**DATA EXTRACT:**
---

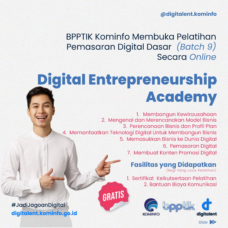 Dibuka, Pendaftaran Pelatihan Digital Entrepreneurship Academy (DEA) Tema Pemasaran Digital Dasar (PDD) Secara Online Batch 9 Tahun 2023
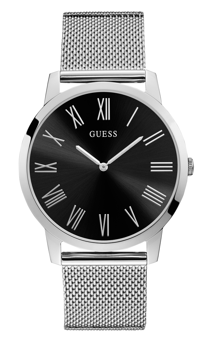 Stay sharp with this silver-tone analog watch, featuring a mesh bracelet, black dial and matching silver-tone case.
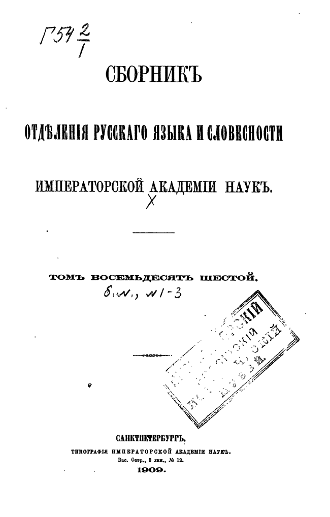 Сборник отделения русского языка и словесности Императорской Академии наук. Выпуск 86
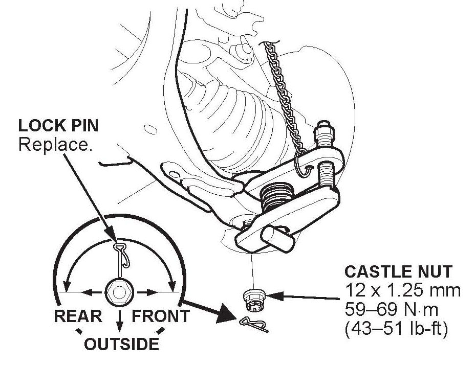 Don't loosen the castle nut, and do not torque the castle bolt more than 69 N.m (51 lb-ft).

---

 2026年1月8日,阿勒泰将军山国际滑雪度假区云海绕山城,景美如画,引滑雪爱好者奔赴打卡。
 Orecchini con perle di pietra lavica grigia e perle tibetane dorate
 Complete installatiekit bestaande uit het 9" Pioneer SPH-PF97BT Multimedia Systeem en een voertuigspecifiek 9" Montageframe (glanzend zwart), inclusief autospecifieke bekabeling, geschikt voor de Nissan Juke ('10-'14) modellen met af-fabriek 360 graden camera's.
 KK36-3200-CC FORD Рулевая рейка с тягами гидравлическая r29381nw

---

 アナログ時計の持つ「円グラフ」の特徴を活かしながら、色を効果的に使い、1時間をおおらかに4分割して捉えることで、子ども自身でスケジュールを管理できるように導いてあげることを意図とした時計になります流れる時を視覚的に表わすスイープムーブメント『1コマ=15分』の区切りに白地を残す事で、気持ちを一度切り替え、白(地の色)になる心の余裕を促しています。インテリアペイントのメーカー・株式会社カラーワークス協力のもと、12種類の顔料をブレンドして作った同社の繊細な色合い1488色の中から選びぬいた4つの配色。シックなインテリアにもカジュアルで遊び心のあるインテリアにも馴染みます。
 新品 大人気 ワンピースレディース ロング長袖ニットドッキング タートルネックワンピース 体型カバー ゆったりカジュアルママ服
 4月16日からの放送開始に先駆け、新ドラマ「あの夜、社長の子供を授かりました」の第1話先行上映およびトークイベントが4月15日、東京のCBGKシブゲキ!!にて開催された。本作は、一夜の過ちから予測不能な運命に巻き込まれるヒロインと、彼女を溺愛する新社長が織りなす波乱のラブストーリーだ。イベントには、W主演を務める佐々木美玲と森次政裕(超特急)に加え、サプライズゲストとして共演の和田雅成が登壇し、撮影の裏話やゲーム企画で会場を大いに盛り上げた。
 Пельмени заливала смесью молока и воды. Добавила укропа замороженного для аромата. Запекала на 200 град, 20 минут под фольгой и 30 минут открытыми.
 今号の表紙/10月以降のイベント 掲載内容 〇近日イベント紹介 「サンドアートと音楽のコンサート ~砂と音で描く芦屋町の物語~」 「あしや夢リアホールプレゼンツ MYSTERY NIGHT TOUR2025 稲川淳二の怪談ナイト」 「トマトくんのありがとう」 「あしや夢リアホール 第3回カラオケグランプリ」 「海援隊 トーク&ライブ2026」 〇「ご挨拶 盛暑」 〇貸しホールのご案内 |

---

**WHAT NEEDS TO BE DONE:** Write out exactly the lines above between the line with "Пельмени заливала смесью" and the line with "今号の表紙/10月以降のイベント 掲載内容 〇近日イベント紹介", inclusive, and nothing beyond them.

**REPLY:**
 Пельмени заливала смесью молока и воды. Добавила укропа замороженного для аромата. Запекала на 200 град, 20 минут под фольгой и 30 минут открытыми.
 今号の表紙/10月以降のイベント 掲載内容 〇近日イベント紹介 「サンドアートと音楽のコンサート ~砂と音で描く芦屋町の物語~」 「あしや夢リアホールプレゼンツ MYSTERY NIGHT TOUR2025 稲川淳二の怪談ナイト」 「トマトくんのありがとう」 「あしや夢リアホール 第3回カラオケグランプリ」 「海援隊 トーク&ライブ2026」 〇「ご挨拶 盛暑」 〇貸しホールのご案内 |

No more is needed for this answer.